È tardi per finire la maratona come dovrebbe essere finita, mantenendo il passo iniziale o addirittura in leggera progressione. Probabilmente, a questo punto, è tardi anche per ritirarsi, a meno che il dolore non diventi davvero insopportabile (e qui ognuno fa i conti con la propria capacità di sopportazione, senza più alcun termine di riferimento esterno): perché il traguardo è ormai vicino, e una buona dose di tenacia ci sostiene contro ogni logica. Direi, per esperienza, che almeno la metà dei maratoneti negli ultimi 6 o 7 chilometri di gara vanno incontro a una crisi di questo tipo. È questo il motivo per cui, se si riesce a evitare il famigerato muro e a non rallentare, in quei lunghi chilometri finali si possono guadagnare molte posizioni, superando atleti che sembrano quasi fermi. Come ho detto: può succedere a qualsiasi livello; anzi dovrebbe succedere a chiunque non commetta errori nella valutazione del ritmo-gara in rapporto alla preparazione svolta. Soffrire è necessario, in una gara di resistenza; soffrire troppo no.
La sofferenza, comunque, non è uguale per tutti. Nemmeno la capacità di affrontarla e superarla è uguale per tutti. Per quanto sia difficile valutare questo elemento, è certo che i corridori più forti hanno, tra le loro qualità, un’eccezionale attitudine a sopportare il disagio fisico che deriva da uno sforzo così intenso e prolungato. In una certa misura è una dote che può colmare la disparità di altri parametri più strettamente legati all’azione di corsa: ho conosciuto splendidi atleti senza carattere, come si usa dire, che vivevano il dolore quasi fosse un’offesa personale, e lo rifiutavano; e ho conosciuto atleti mediocri, che arrivavano a torturarsi pur di non mollare, tirando fuori dal proprio corpo fino all’ultima disperata energia. La forza di volontà non basta, inutile illudersi; ma nemmeno il talento puro, l’eleganza, la capacità polmonare e il cuore lento, la muscolatura affusolata e ricca al punto giusto di fibre veloci. Se la testa non insiste a dare gli ordini giusti, nemmeno il corpo di un campione riesce a superare il muro, quando lo incontra.
Duello al sole
Alcuni corridori di altissimo livello hanno dimostrato, in situazioni anche per loro eccezionali, di possedere una forza di volontà tale da costringere il corpo a sostenere uno sforzo eccessivo, danneggiandolo in maniera non subito evidente, in parte misteriosa dal punto di vista medico eppure reale e profonda, se non irreparabile. La leggenda di Fidippide che muore sulla porta di casa di un cittadino ateniese non è poi troppo lontana dal vero: la mente può essere capace di ignorare i segnali d’allarme inviati dai muscoli e dal cuore fino a spingerli in un territorio sconosciuto – perché pochissimi esseri umani lo hanno mai attraversato, e sono tornati indietro per raccontarlo – e potenzialmente letale.

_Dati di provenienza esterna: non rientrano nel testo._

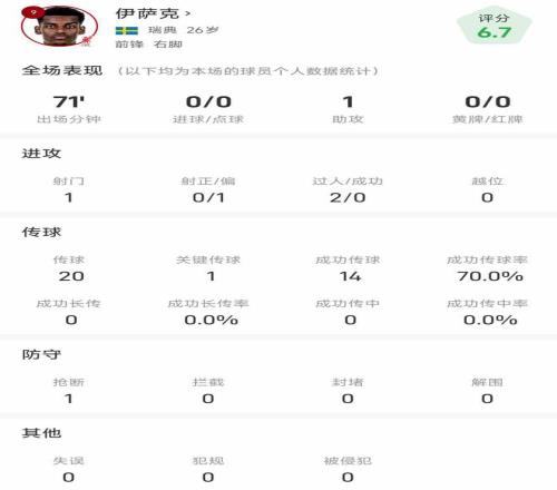 伊薩克本場比賽20次傳球,其中14次成功,成功率70%,包括1次關鍵傳球。
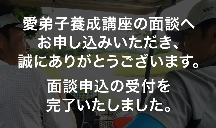 ゴルフパフォーマンス事務局よりご面談日の日程調整のご連絡をさせていただきます。お申し込みの際にご登録いただきました電話番号、もしくはメールアドレス宛にご連絡いたしますので、いましばらくお待ちくださいませ。
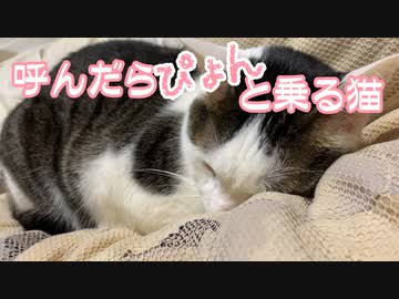 呼んだらぴょん♪と乗るにゃんこ
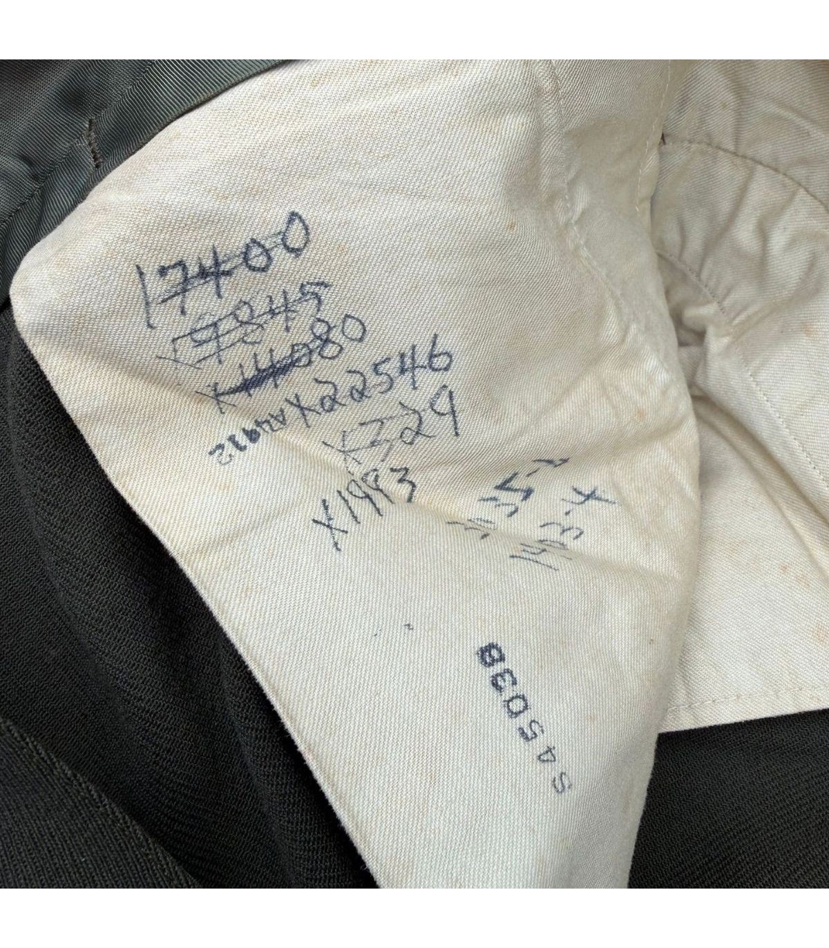Coupe années 40 : taille haute, jambes droites, poches latérales et arrière boutonnées. Présence d’un matricule manuscrit en poche, véritable atout historique.

La maratona di Boston del 19 aprile 1982 viene ricordata come the duel in the sun, «il duello al sole»: la più bella di sempre, secondo molti appassionati. Negli ultimi 10 chilometri, quando si era sparsa la voce di quello che stava accadendo, lungo il percorso si assieparono centinaia di migliaia di spettatori per incitare i due ragazzi che si stavano dando battaglia al limite delle loro possibilità, o forse al limite delle possibilità umane, se non oltre.
Non doveva andare in quel modo. C’era un solo favorito: lo statunitense Alberto Salazar, figlio di un esule cubano, che poco più di cinque mesi prima aveva vinto per la seconda volta consecutiva la maratona di New York stabilendo la miglior prestazione mondiale in 2h08’13”. Salazar non aveva ancora ventiquattro anni ed era in splendida condizione fisica; nove giorni prima, forse imprudentemente, aveva corso un 10.000 di esibizione nello storico Hayward Field della Oregon University, chiudendolo in 27’30”, appena due secondi sopra il record nazionale e staccato di pochi decimi dal keniano Henry Rono. Il pubblico di Boston faceva il tifo per lui e tra gli atleti schierati alla partenza non sembrava esserci nessuno in grado di metterlo seriamente in difficoltà: Bill Rodgers, che partiva quel giorno col pettorale numero 1 attribuito di diritto al defender, il vincitore dell’edizione precedente, era considerato il secondo favorito, ma aveva corso la sua migliore maratona nel 1979 in 2h09’27” e non era più stato capace di correre sotto le due ore e dieci, ben distante dal record recente di Salazar. Il quale, alla vigilia, era più che sicuro di vincere: il suo obiettivo – come avrebbe dichiarato in seguito – «non era soltanto arrivare primo, ma demolire gli avversari», staccandoli tanto nettamente da togliere ogni dubbio su chi fosse il più forte. «Vedevo ogni maratona come una prova della mia virilità. Non mi bastava vincere la gara, volevo seppellire gli altri ragazzi»45.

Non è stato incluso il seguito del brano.